---------- Exercise data
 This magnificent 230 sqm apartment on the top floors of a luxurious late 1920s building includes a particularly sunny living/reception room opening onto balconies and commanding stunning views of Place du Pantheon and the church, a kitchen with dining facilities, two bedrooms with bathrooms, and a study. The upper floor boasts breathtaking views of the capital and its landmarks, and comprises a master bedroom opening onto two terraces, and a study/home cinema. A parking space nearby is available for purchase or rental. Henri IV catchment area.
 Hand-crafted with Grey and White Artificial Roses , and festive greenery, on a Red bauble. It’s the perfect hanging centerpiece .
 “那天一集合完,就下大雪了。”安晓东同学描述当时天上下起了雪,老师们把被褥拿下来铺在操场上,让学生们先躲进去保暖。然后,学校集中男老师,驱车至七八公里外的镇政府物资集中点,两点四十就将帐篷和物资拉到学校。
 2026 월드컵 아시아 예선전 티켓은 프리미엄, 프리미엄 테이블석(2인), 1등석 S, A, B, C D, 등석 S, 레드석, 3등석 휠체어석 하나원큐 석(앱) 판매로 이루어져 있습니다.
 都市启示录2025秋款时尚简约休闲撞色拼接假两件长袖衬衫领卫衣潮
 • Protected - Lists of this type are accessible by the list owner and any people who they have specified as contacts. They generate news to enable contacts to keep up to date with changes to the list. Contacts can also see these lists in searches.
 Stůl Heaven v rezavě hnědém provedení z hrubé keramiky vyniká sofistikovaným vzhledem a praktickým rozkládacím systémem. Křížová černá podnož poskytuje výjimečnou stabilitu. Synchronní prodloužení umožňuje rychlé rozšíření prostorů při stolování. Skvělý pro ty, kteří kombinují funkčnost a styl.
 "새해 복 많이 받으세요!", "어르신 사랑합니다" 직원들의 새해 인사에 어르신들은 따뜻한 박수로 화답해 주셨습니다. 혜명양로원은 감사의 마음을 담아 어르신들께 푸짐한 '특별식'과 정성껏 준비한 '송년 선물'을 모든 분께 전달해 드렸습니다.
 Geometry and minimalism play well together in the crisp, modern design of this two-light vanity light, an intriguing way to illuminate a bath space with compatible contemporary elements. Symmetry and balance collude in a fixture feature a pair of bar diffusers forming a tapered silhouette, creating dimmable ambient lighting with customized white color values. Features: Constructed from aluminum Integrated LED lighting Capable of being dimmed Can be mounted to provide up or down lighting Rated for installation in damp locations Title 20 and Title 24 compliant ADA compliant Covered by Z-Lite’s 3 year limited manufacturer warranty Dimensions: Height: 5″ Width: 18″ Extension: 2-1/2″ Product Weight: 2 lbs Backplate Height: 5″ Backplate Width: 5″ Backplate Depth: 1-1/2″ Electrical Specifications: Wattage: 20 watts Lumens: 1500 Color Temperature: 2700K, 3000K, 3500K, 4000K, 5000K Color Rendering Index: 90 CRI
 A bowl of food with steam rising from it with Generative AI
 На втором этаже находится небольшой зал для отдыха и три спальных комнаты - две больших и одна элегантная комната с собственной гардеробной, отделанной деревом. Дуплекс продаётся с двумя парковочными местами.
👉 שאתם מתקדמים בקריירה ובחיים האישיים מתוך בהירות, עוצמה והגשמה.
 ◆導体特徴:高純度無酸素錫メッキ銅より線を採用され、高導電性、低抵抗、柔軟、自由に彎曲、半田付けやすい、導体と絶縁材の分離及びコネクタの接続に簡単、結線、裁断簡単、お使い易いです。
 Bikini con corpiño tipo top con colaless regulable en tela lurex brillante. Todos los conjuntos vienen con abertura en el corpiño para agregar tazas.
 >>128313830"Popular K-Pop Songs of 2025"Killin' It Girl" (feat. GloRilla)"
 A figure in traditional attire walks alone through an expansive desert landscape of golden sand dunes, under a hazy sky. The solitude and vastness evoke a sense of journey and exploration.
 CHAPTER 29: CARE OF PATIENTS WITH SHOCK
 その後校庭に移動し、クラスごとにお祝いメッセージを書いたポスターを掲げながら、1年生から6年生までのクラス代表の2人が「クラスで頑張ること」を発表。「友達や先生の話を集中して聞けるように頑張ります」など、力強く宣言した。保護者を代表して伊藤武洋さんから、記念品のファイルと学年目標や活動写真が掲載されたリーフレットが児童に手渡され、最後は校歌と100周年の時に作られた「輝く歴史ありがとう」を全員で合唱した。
--------------------
_What is required_
Looking at the entries above, can you reproduce exactly the lines from the one that holds "lists in searches." through the one that holds "Bikini con corpiño", and only those?

_Result of this exercise_
 • Protected - Lists of this type are accessible by the list owner and any people who they have specified as contacts. They generate news to enable contacts to keep up to date with changes to the list. Contacts can also see these lists in searches.
 Stůl Heaven v rezavě hnědém provedení z hrubé keramiky vyniká sofistikovaným vzhledem a praktickým rozkládacím systémem. Křížová černá podnož poskytuje výjimečnou stabilitu. Synchronní prodloužení umožňuje rychlé rozšíření prostorů při stolování. Skvělý pro ty, kteří kombinují funkčnost a styl.
 "새해 복 많이 받으세요!", "어르신 사랑합니다" 직원들의 새해 인사에 어르신들은 따뜻한 박수로 화답해 주셨습니다. 혜명양로원은 감사의 마음을 담아 어르신들께 푸짐한 '특별식'과 정성껏 준비한 '송년 선물'을 모든 분께 전달해 드렸습니다.
 Geometry and minimalism play well together in the crisp, modern design of this two-light vanity light, an intriguing way to illuminate a bath space with compatible contemporary elements. Symmetry and balance collude in a fixture feature a pair of bar diffusers forming a tapered silhouette, creating dimmable ambient lighting with customized white color values. Features: Constructed from aluminum Integrated LED lighting Capable of being dimmed Can be mounted to provide up or down lighting Rated for installation in damp locations Title 20 and Title 24 compliant ADA compliant Covered by Z-Lite’s 3 year limited manufacturer warranty Dimensions: Height: 5″ Width: 18″ Extension: 2-1/2″ Product Weight: 2 lbs Backplate Height: 5″ Backplate Width: 5″ Backplate Depth: 1-1/2″ Electrical Specifications: Wattage: 20 watts Lumens: 1500 Color Temperature: 2700K, 3000K, 3500K, 4000K, 5000K Color Rendering Index: 90 CRI
 A bowl of food with steam rising from it with Generative AI
 На втором этаже находится небольшой зал для отдыха и три спальных комнаты - две больших и одна элегантная комната с собственной гардеробной, отделанной деревом. Дуплекс продаётся с двумя парковочными местами.
👉 שאתם מתקדמים בקריירה ובחיים האישיים מתוך בהירות, עוצמה והגשמה.
 ◆導体特徴:高純度無酸素錫メッキ銅より線を採用され、高導電性、低抵抗、柔軟、自由に彎曲、半田付けやすい、導体と絶縁材の分離及びコネクタの接続に簡単、結線、裁断簡単、お使い易いです。
 Bikini con corpiño tipo top con colaless regulable en tela lurex brillante. Todos los conjuntos vienen con abertura en el corpiño para agregar tazas.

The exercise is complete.